An idiom that came from a poster "Loose lips might sink ships," an Allied slogan during World War II meaning unguarded talk may give useful information to the enemy.

The implications of the slogan was simple and clear: Do not divulge whatever information you have about ship sailing times and destinations. If the wrong set of ears heard the information, disaster could follow. Americans during World War II, had a duty to protect the confidentiality and secrecy of information.

The following is an excerpt from guidelines establishing rules of conduct by the U S Government given to each of the volunteer of drafted soldier as he entered the battle area.


THINK! Where does the enemy get his information -- information that can put you, and has put your comrades, adrift on an open sea: information that has lost battles and can lose more, unless you personally, vigilantly, perform your duty in SAFEGUARDING MILITARY INFORMATION?


  1. Don't write military information of Army units -- their location, strength, material, or equipment.
  2. Don't write of military installations.
  3. Don't write of transportation facilities.
  4. Don't write of convoys, their routes, ports (including ports of embarkation and disembarkation), time en route, naval protection, or war incidents occurring en route.
  5. Don't disclose movements of ships, naval or merchant, troops, or aircraft.
  6. Don't mention plans and forecasts or orders for future operations, whether known or just your guess.
  7. Don't write about the effect of enemy operations.
  8. Don't tell of any casualty until released by proper authority (The Adjutant General) and then only by using the full name of the casualty.
  9. Don't attempt to formulate or use a code system, cipher, or shorthand, or any other means to conceal the true meaning of your letter. Violations of this regulation will result in severe punishment.
  10. Don't give your location in any way except as authorized by proper authority. Be sure nothing you write about discloses a more specific location than the one authorized.
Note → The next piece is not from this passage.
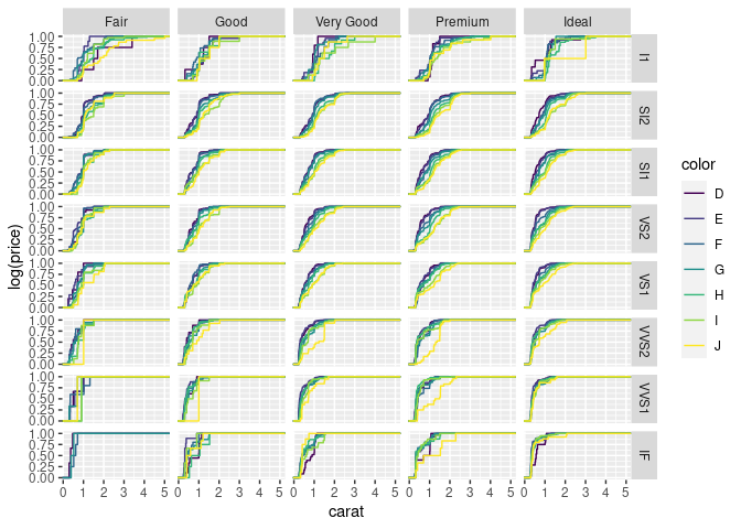 carat + stat_ecdf() + facet_grid(clarity ~ cut)

SILENCE MEANS SECURITY -- If violation of protective measures is serious within written communications it is disastrous in conversations. Protect your conversation as you do your letters, and be even more careful. A harmful letter can be nullified by censorship; loose talk is direct delivery to the enemy.

If you come home during war your lips must remain sealed and your written hand must be guided by self-imposed censorship. This takes guts. Have you got them or do you want your buddies and your country to pay the price for your showing off. You’ve faced the battle front; its little enough to ask you to face this ‘home front.’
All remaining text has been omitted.